Task instructions
When the line containing "The Axe Man" appears in the entries below, begin printing there and stop after the line containing "2014年,《中国药物警戒》"; print each of those lines exactly and no other line.

Exercise material
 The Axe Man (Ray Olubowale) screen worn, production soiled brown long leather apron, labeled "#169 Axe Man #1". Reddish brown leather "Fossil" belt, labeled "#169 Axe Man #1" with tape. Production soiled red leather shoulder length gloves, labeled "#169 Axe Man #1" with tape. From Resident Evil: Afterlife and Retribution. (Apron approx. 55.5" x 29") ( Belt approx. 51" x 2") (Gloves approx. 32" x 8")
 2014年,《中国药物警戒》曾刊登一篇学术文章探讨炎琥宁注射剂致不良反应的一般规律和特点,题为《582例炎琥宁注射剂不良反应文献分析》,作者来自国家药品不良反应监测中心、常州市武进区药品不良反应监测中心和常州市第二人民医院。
* * *
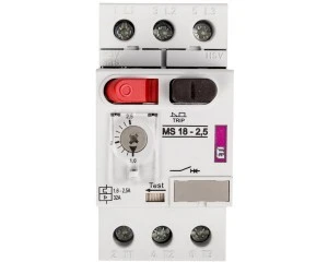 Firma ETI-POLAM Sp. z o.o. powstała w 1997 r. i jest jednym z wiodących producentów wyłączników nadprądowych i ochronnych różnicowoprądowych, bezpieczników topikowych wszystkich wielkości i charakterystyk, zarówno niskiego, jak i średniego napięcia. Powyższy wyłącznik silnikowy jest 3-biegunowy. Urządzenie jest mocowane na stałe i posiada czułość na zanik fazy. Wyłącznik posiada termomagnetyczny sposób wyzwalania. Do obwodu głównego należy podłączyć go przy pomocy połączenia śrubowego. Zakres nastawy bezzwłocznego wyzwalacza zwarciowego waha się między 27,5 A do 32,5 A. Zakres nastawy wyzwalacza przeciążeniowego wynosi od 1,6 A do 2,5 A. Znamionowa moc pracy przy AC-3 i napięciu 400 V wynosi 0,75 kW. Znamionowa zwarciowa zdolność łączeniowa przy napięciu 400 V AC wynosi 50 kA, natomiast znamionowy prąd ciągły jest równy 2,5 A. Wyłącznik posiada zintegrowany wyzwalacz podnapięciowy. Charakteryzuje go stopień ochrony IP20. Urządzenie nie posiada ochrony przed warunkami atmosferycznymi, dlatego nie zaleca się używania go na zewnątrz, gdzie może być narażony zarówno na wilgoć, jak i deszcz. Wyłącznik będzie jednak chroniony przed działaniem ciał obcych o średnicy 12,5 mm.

Result
 The Axe Man (Ray Olubowale) screen worn, production soiled brown long leather apron, labeled "#169 Axe Man #1". Reddish brown leather "Fossil" belt, labeled "#169 Axe Man #1" with tape. Production soiled red leather shoulder length gloves, labeled "#169 Axe Man #1" with tape. From Resident Evil: Afterlife and Retribution. (Apron approx. 55.5" x 29") ( Belt approx. 51" x 2") (Gloves approx. 32" x 8")
 2014年,《中国药物警戒》曾刊登一篇学术文章探讨炎琥宁注射剂致不良反应的一般规律和特点,题为《582例炎琥宁注射剂不良反应文献分析》,作者来自国家药品不良反应监测中心、常州市武进区药品不良反应监测中心和常州市第二人民医院。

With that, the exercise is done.